OBJECTIVE: To describe the profile of patients with facial trauma admitted in a hospital located in a metropolitan area of Northeast Brazil.
METHODS: A cross-sectional and exploratory study was performed. A total of 244 cases were in agreement with the eligibility criteria. The variables include the sociodemographic characteristics of patients, etiology, type of trauma, treatment modalities, length of stay in a hospital and quarter of care. Descriptive statistics and Cluster Analysis were performed.
RESULTS: The average age of patients was 31.16 years (SD = 15.17 years) and average hospitalization was 6.32 days (SD = 7.75 days). It was verified the automatic formation of four clusters with different profiles of patients.

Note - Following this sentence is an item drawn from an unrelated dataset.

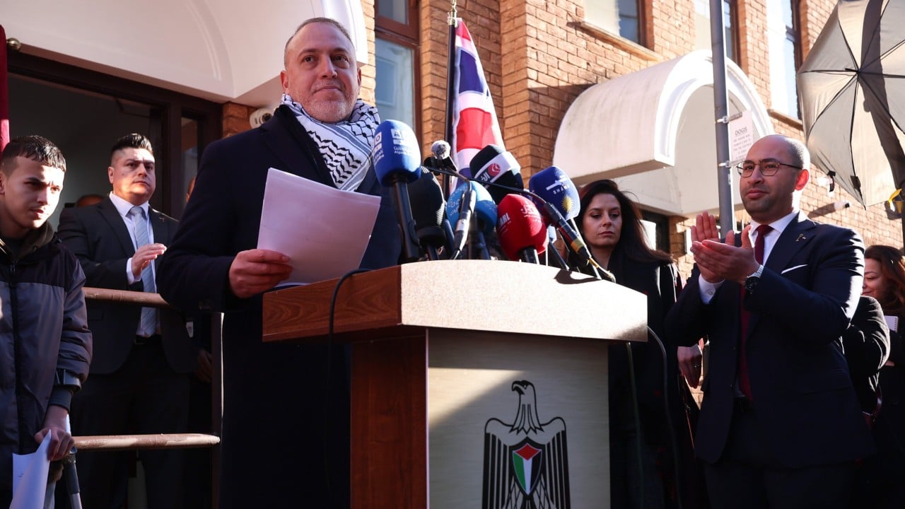 „Събираме се днес, за да отбележим исторически момент – откриването на посолството на Държавата Палестина в Великобританияс пълен дипломатически статут и привилегии“, каза Хузам Зомлот в реч пред мястото, известно преди това като Палестинската мисия в Обединеното кралство в западен Лондон. Официалното повишаване на статута на мисията до статут на посолство дойде, след като Обединеното кралство обяви, че ще признае държавата Палестина през септември 2025 г., заедно с няколко други страни, вкл. Австралия и Канадавъв време на голяма международна загриженост относно хуманитарната ситуация в Газа. Носейки традиционен черно-бял шал кефия, Зомлот каза на церемонията, че това „не е просто промяна на името“, а „промяна на посоката“ към палестински държавност.

The variables which most contributed to the external differentiation between clusters were: length of stay in a hospital (p <0.001), etiology (p <0.001), type of facial trauma (p <0.001), presence of associated trauma (p <0.001), treatment modalities (p <0.001) and quarter of care (p <0.001).
CONCLUSION: The most of patients were men, victims of traffic accidents, which suffered fracture of zygomatic complex and underwent surgery. Level of Evidence III, Retrospective Study.

Entities:  

Keywords:  Facial bones; Facial injuries; Traumatology.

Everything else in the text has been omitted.